Wir kehren zurück in das Tiefland von Tila. Wir kommen nach Cruz Palenque, eingeladen zum 4. Jahrestag der Heimkehr der Flüchtlinge. Eines Morgens im August 1997 waren bewaffnete Männer gekommen, die die Häuser derjenigen angriffen, die nicht mit der Regierung zusammenarbeiteten. Ein Mann wurde ermordet, die anderen konnten mit ihren Familien in eine andere Gemeinde fliehen. Den Leuten von PyJ war befohlen worden, die Kühe der Flüchtlinge zu rauben.
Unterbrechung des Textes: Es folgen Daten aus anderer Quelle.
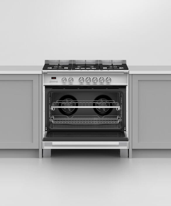 Get the best of both worlds with dual fuel. A gas cooktop with wok burner is paired with a nine-function convection oven.
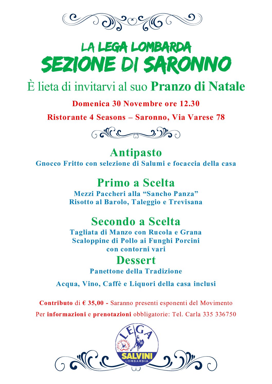 Per informazioni e prenotazioni obbligatorie: Tel. Carla 335 336750

Doch bald merkten sie, daß sie betrogen wurden. Sie bemühten sich um einen Versöhnungsprozeß und die Heimkehr ihrer Nachbarn. Heute begehen sie den 4. Jahrestag der Rückkehr.
Aber der Krieg ist nicht wirklich vorbei. An diesem Tag erreicht uns die Nachricht, gestern sei wieder jemand ermordet worden. Der Tote, umgebracht auf seinem Feld, war ein Mitglied der PRI, der vermutlich am Versöhnungsprozeß mit der katholischen Kirche in Tila teilnahm. Die Stimmung in den umliegenden Gemeinden ist gespannt. Uns wird erzählt, verdächtige Männer aus anderen PRI-Gemeinden seien auf den Feldern gesichtet worden. Es gibt viele ungeklärte Morde in diesen Gemeinden, die Opfer gehören zu allen Gruppierungen.
Auf unserem Spielplan steht nur noch Nuevo Limar, eine tief gespaltene Gemeinde mit PRI-Mehrheit, wo es außerdem einen Armeestützpunkt gibt. Einige Menschen, die sich wieder bedroht fühlen, bitten uns aus Angst vor Repressalien, das Stück nicht wie geplant im Zentrum der Gemeinde aufzuführen. Schließlich zeigen wir das Stück vor ihrem Haus. Bei dieser letzten Aufführung unserer Reise erhalten wir die meisten Reaktionen und Kommentare unseres Publikums. Wir erreichen, daß Personen verschiedener politischer und religiöser Gruppen teilnehmen. Die Leute danken uns für unseren Besuch; wir spüren, daß er sie ermutigt.
Mit zufriedenem Herzen und Lust auf eine weitere Puppenspiel-Rundreise kehren wir nach San Cristóbal zurück.